Zahir was the first to leave Jalalabad. Starting at midnight in the company of his guide, bluffing his way through a checkpoint while dressed in local clothing and speaking a local dialect he had picked up in earlier years, Zahir traveled for over 27 continuous hours by taxi, foot, and mule over a mountainous route where others had been robbed or killed through areas that bore the scars of fighting between Russian troops and Mujahideen, eventually arriving in Peshawar, Pakistan. With only her protection being local clothing and a cover story that she was seeking medical treatment for her children, Fakhria left Jalalabad by bus two weeks later, traveling with the guide, their daughter Neelab, then three years old, and Mustafa who had been in this world for all of 40 days.  For those two weeks, Fakhria did not know whether Zahir had made it to Pakistan. For his part, Zahir was waiting anxiously for his family to show up in Peshawar. One can only imagine their reunion.

Once in Pakistan, Zahir realized that they should move on. Zahir applied for a United States visa and purchased airline tickets to Istanbul, Turkey. The family remained in Turkey for six months, living in a settlement area. During this time, the visa came through, but, for reasons which Zahir says are still unclear to him, entry to the United States required another six months of waiting, this time in Italy near Rome. Throughout this time, with no work available, the resources Zahir had put together for the whole escape were wearing thin.

Fortune smiled on Zahir and his family when The Congregational Church in Kingston, Rhode Island arranged a sponsorship to support their immigration to the United States. The sponsors were Tina and Steve Letcher. Steve was a physics professor at the University of Rhode Island, while Tina was a poet who taught literacy at a local prison. Shortly after arriving in Kingston in 1981, Zahir landed a factory job at a computer chip company in Providence and Fakhria found a job at a local daycare facility.

With gainful employment, self-supporting and living independently in the U.S., some people in Zahir’s position might consider their mission accomplished. But with Letcher’ encouragement, Zahir went on to earn a Master’s degree in Library Information Sciences at the University of Rhode Island in 1983. From there, he went to work at the Falls Church, Virginia Public Library.  In 1989, Zahir took the position of Assistant Library Director here in Waynesboro, and the Mahmouds established themselves in our town. A second son, Alexander, was born in 1992, and all three children graduated from Waynesboro High School.

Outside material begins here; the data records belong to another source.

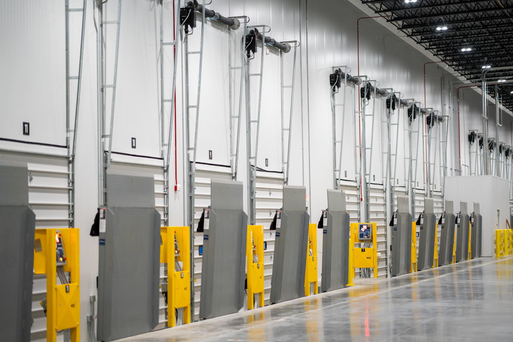 This warehouse and distribution facility features tilt-up concrete construction with a multi-colored painted exterior accented by metal panels. The building includes 22 dock doors, a two-story 7,200-square-foot office, dry goods storage, and an 11,500-square-foot shell space reserved for future tenant buildout. Sophisticated temperature-controlled environments were central to the project, with 35,100 square feet of conditioned space including a 16,000-square-foot cold dock maintained at 40 degrees. Three distinct temperature zones ranging from 36 to 50 degrees accommodate varying produce storage and ripening requirements. Big-D self-performed all concrete work, including site and structural components. The scope also encompassed complete site development with utilities, paving, and landscaping.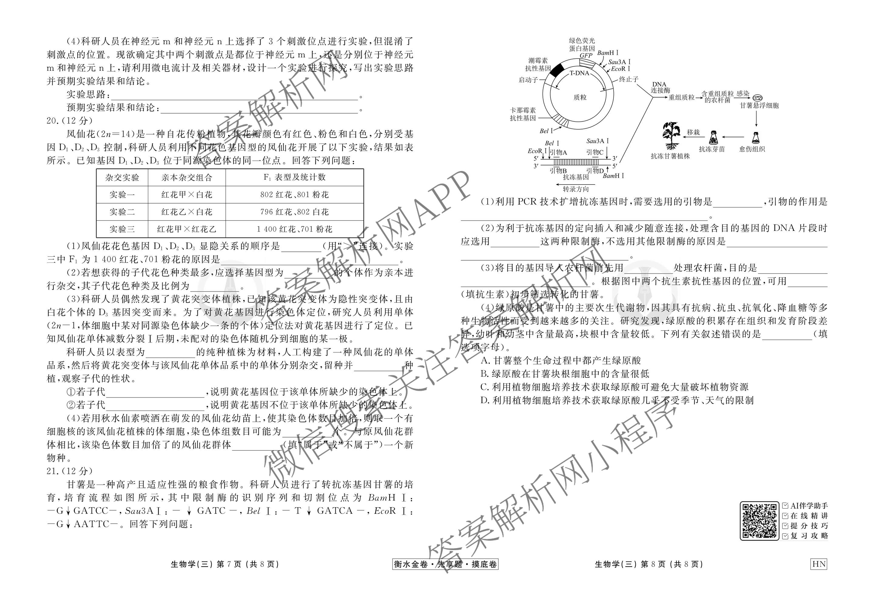 衡水金卷先享题·摸底卷2025-2026学年度高三一轮复习摸底测试卷(三)3生物(HN)试题,目前衡水金卷先享题答案网已经汇总了衡水金卷先享题·摸底卷2025-2026学年度高三一轮复习摸底测试卷(三)3生物(HN)试题的各科答案和试卷,获取更多衡水金卷先享题答案解析,请在关注本站。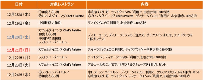 12 月 18 日(木)~24 日(水)までの7日間、対象レストランにおいて、対象メニューをご注文いただいたお客さまには、クリスマス カクテルのプレゼントなど、日替わりで嬉しい特典をご用意する「Advent Week at Sunshine City Prince Hotel」を開催いたします。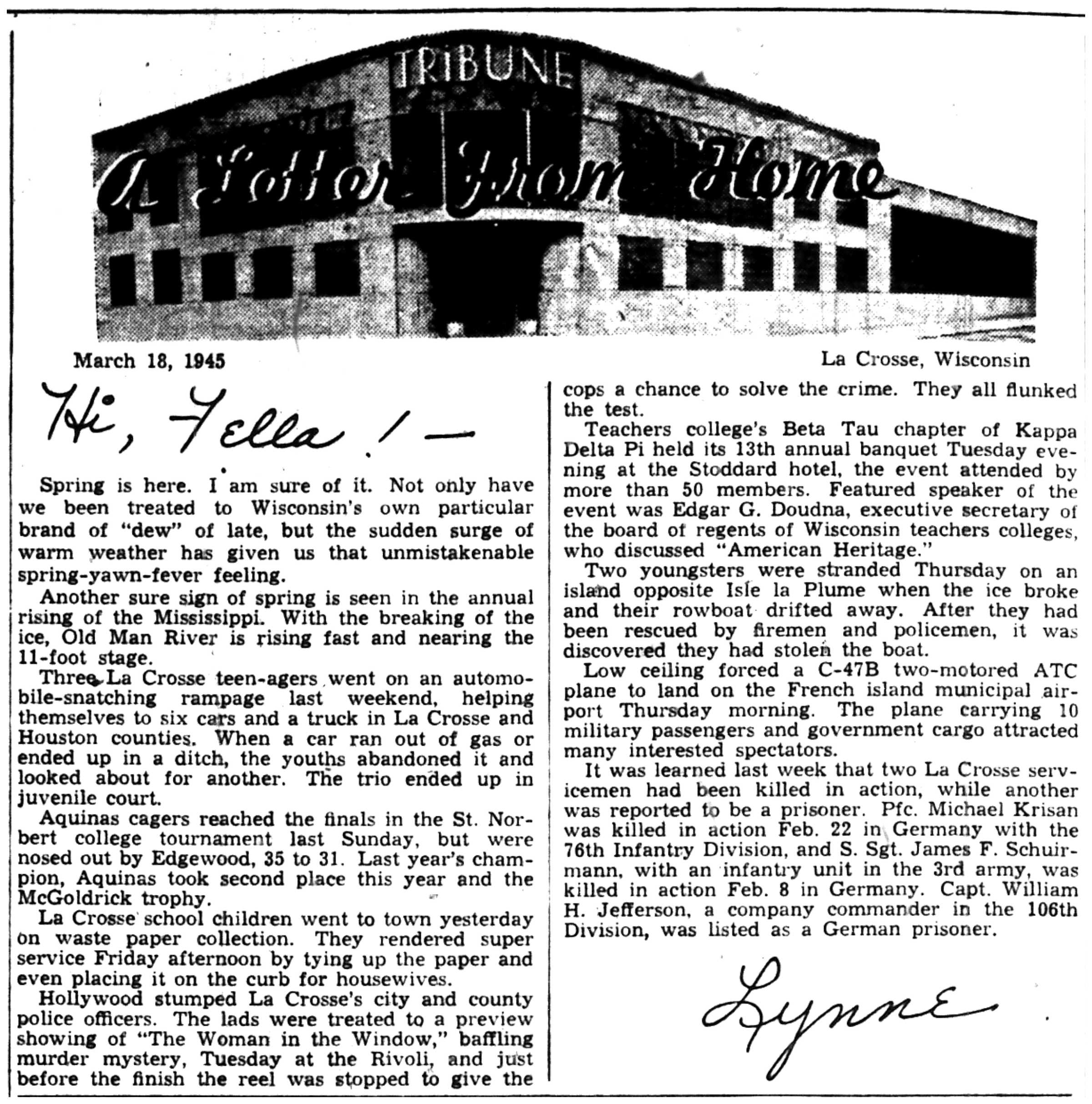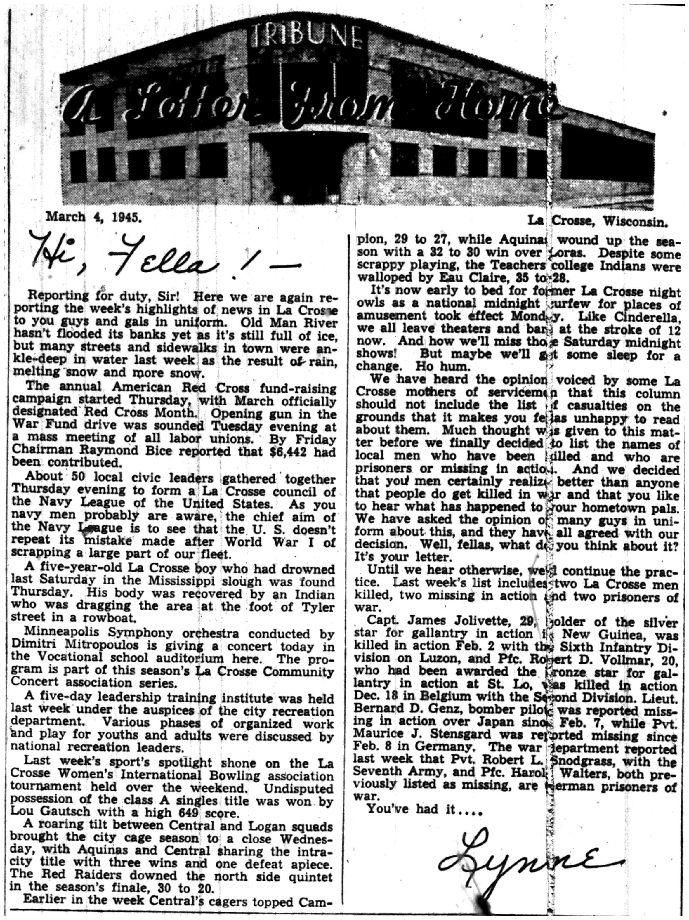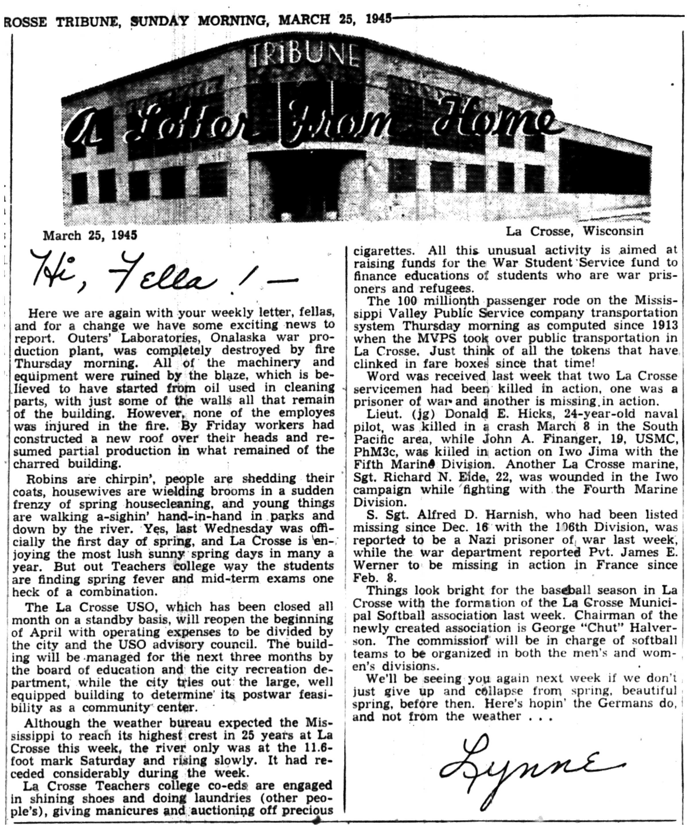 | 1945-3-25 | La Crosse Tribune p5 | |

Today, Zahir is the Director of the Waynesboro Public Library, having been appointed to that position in 2002. Fakhria has been in the banking business for 26 years, and she is now a Branch Banker at the BB&T branch in town. Neelab has a B.S. in Microbiology from Virginia Tech, an architectural degree from the University of Oregon, lives in Baltimore with her husband and two children, and is working in her own startup architectural firm. Mustafa graduated from Virginia Tech and is working in pharmaceutical marketing in San Francisco. Alexander recently graduated from Virginia Commonwealth University with a degree in urban development.
All in all, a story well-lived and worthy of telling.